WHAT THE TASK ASKS:
Without the pictures, can you quote each line below exactly?

PROVIDED MATERIAL:
== Segment start ==
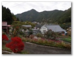 丹三郎屋敷は定休日でしたが、長屋門に置いてある、バザー商品のような小物を物色して楽しみました。万世橋から眺める紅葉は豪華版でしたが、「♪秋の夕日に照る山もみじ」でないのが残念。何せ、照っていません。でも歌のような情景は容易に想像できました。古里駅の跨線橋からは、キリッと立つ鳩ノ巣城山の稜線がきれいです。鳩ノ巣駅から大楢峠に行く人は、今後しばらくあの稜線で骨を折らねばなりません。
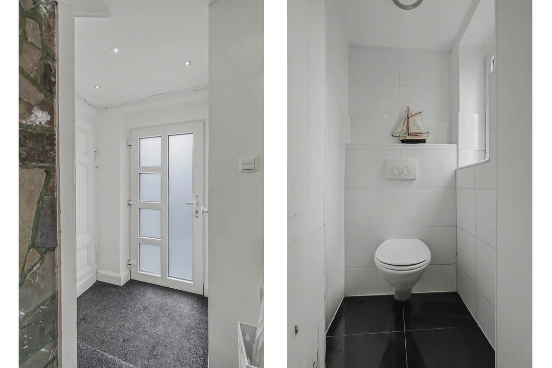 Riante ontvangsthal met vernieuwde meterkast en trapopgang
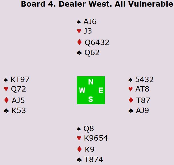 I det spillet vi så på var det rundt 2/3 av Ø/V parene som gikk i pluss, det fleste i kontrakten 2 spar med åtte eller ni stikk. Bakke-Brogelands +300 som Ø/V var "room-top".
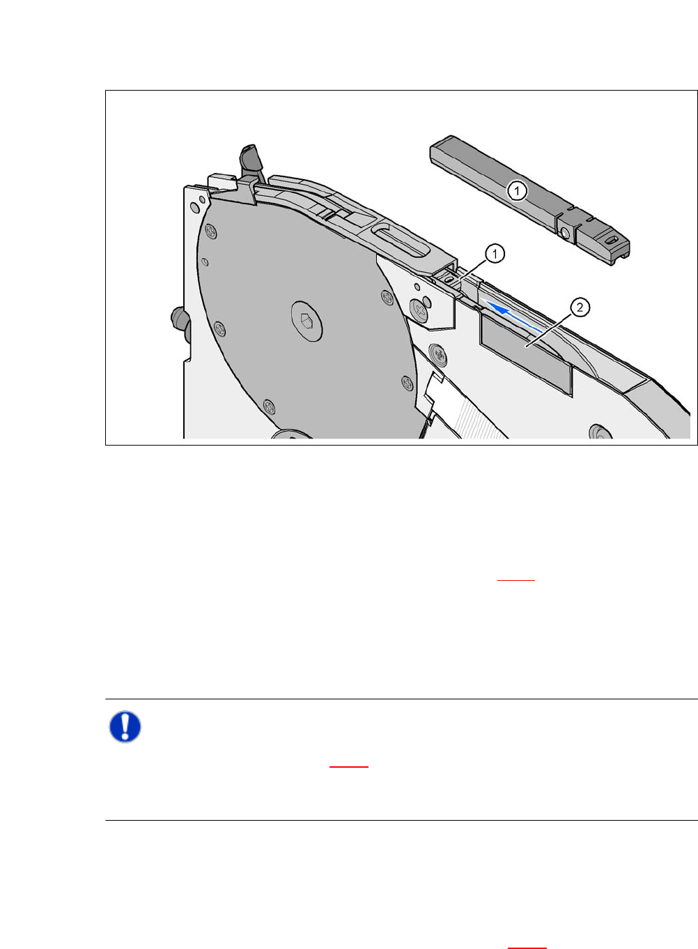 Insert the tape support (item 1 in fig. 6.1 - 3
== Segment end ==
SOLUTION:
 丹三郎屋敷は定休日でしたが、長屋門に置いてある、バザー商品のような小物を物色して楽しみました。万世橋から眺める紅葉は豪華版でしたが、「♪秋の夕日に照る山もみじ」でないのが残念。何せ、照っていません。でも歌のような情景は容易に想像できました。古里駅の跨線橋からは、キリッと立つ鳩ノ巣城山の稜線がきれいです。鳩ノ巣駅から大楢峠に行く人は、今後しばらくあの稜線で骨を折らねばなりません。
 Riante ontvangsthal met vernieuwde meterkast en trapopgang
 I det spillet vi så på var det rundt 2/3 av Ø/V parene som gikk i pluss, det fleste i kontrakten 2 spar med åtte eller ni stikk. Bakke-Brogelands +300 som Ø/V var "room-top".
 Insert the tape support (item 1 in fig. 6.1 - 3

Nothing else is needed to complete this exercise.